My personal interest in this topic is that I believe it should be possible to
use continuation passing style and callbacks together to make an evaluation
engine which "reorganizes" the C-stack to aid in debugging. It would work like
this: the user code would utilize CPS, but the runtime engine, not the user
code, has final say over where the continuation actually jumps. By priming the
linked-list of continuations + context data the right way, the runtime could
"stack the deck" so that when the user functions run, it creates a "fake"
callstack that looks like a certain series of operations ran, which in reality
may have actually been run a long time ago or may be composed of pieces of
different chains of computation. In this way, the engine could communicate to
the programmer + debugger a semantically meaningful summary of an otherwise
convoluted / too detailed original computation.

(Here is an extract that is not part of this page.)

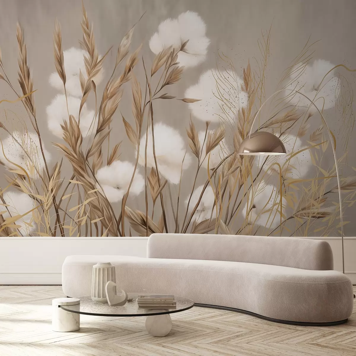 Fototapetai Minkštos, purios medvilninės baltos gėlės ir aukštos oranžinės spygliuotos žolės prislopintos tekstūros smėlio spalvos fone Nr. w08784

Or restart a computation which
had to be previously abandoned due to needing data that wasn't available yet.
I call this technique "stacking the stack" (in analogy to stacking the deck to
cheat at a card game).

Also, although your technique of calling the continuation twice as in "return
cont(a * a, data) && cont(a _a_ a, data);" is perfectly valid (in fact, this
code is also a syntactically valid Castor logic expression), here's another
way it could be done: convert the nondeterministic choice into a deterministic
one by lifting the information as to which branch is being executed into a
variable which can be passed in. It would then look like:

int foo(int * next_part, int a, cont_t cont, data_t * data)

{

    
    
      switch (( * next_part)++)
    
      {
    
      case 0: return cont(a * a, data); 
    
      case 1: return cont(a * a * a, data); 
    
      default: return 0; // fail when exhausted 
    
      };
    

}

You're already doing this, sort of, in the regex engine when you do "switch (
* p)". The difference is, there, you're choosing between alternatives based on
a concrete property of the input character. If you like, think of the
"next_part" variable as an intangible or out-of-band property of the current
input. Once you do that, you could even turn all of you "switch ( * p)"
statements into "switch (( * next_part)++)" and simply _assume_ *p matched
that case (we'll just fail inside the step if it didn't match, and backtrack).
Congratulations, now you're doing logic programming!!